Un repaso al público de aquel día me recordó que muy pocos veteranos

del Día D o de la Segunda Guerra Mundial seguían con vida y estaban en

condiciones de hacer el viaje. Muchos de los que lo habían conseguido

necesitaban sillas de ruedas o andadores para desplazarse. Allí estaba Bob

Dole, el mordaz oriundo de Kansas que se había sobrepuesto a unas heridas

devastadoras durante la Segunda Guerra Mundial y se había convertido en

uno de los senadores más expertos y respetados en Washington. También mi

tío Charlie, el hermano de Toot, que había venido junto a su esposa,

Melanie, como invitados míos. Librero retirado, era uno de los hombres

más agradables y modestos que conocía. Según Toot, sus experiencias en la

guerra lo habían perturbado tanto que durante los seis meses posteriores a

su regreso prácticamente no dijo palabra.

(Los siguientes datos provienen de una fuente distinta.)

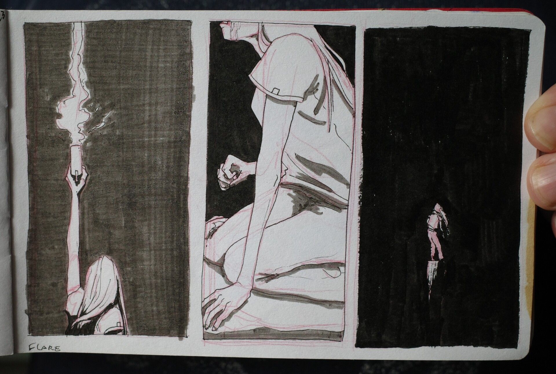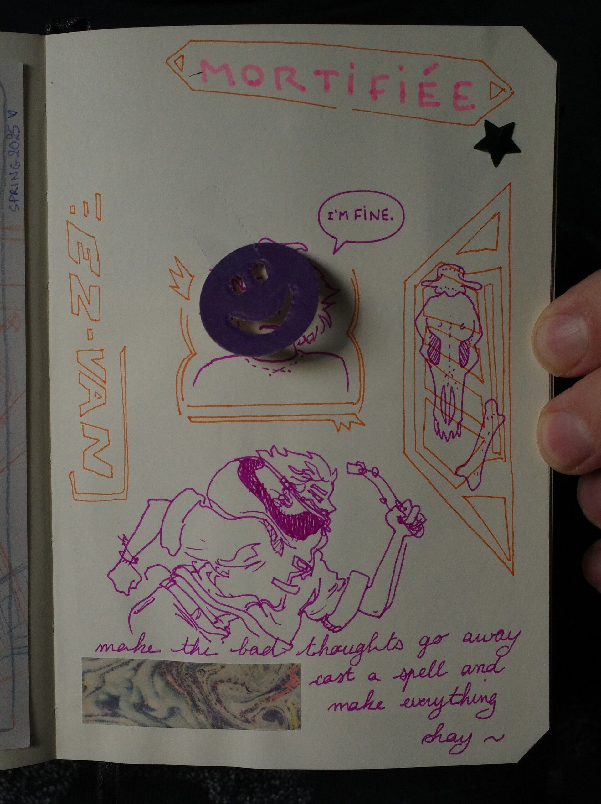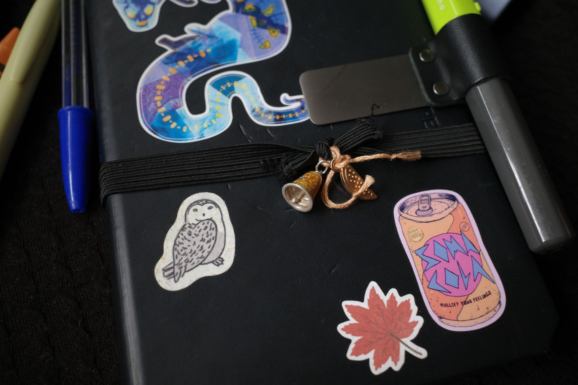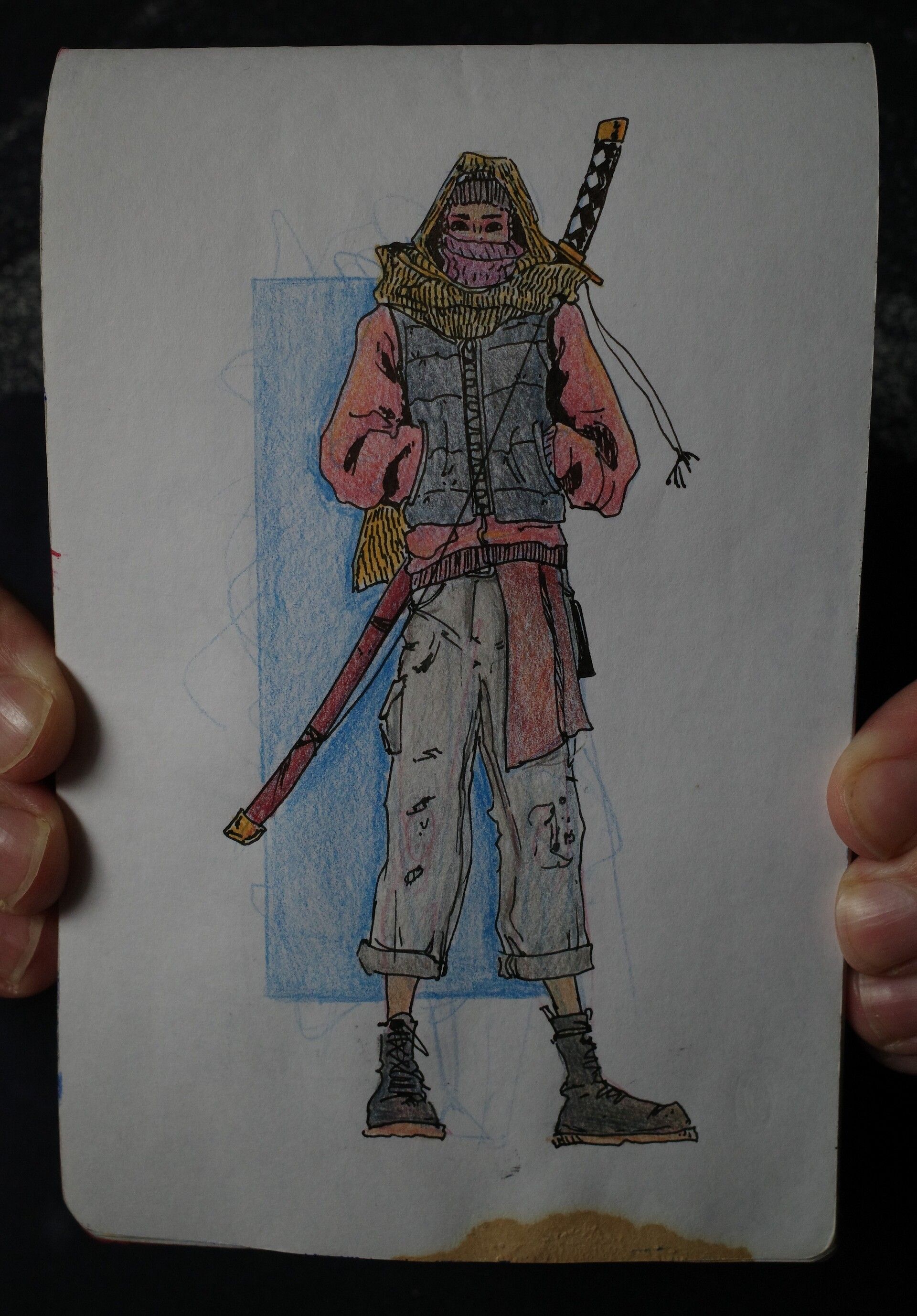 I’ve almost filled out my current sketchbook - and pretty quickly. It’s one of the fanciest and nicest feeling I’ve had, I’m liking it a lot! The only downside is that it didn’t have an elastic to hold it closed or a pocket, and I’ve come to really like that. So I made my own little attachment, and added a pen holder - a GREAT addition.

Fueran cuales fuesen las heridas que llevaban consigo, aquellos hombres

rezumaban un silencioso orgullo, mientras se reunían con sus gorras y sus

pulcras chaquetas de veterano adornadas con pulidas medallas de servicio.

Intercambiaban historias, aceptaban apretones de manos y palabras de

agradecimiento de mi parte y de otros desconocidos, estaban rodeados de

niños y nietos que los conocían menos por su heroísmo en la guerra que por

la vida que habían llevado después como maestros, ingenieros, obreros en

fábricas, dueños de tiendas; hombres que se habían casado, habían

trabajado duro para comprarse una casa, habían luchado contra la depresión

y las frustraciones, habían entrenado a equipos infantiles, habían sido

voluntarios en sus iglesias o sinagogas, y habían visto cómo sus hijos e

hijas se casaban y formaban sus propias familias.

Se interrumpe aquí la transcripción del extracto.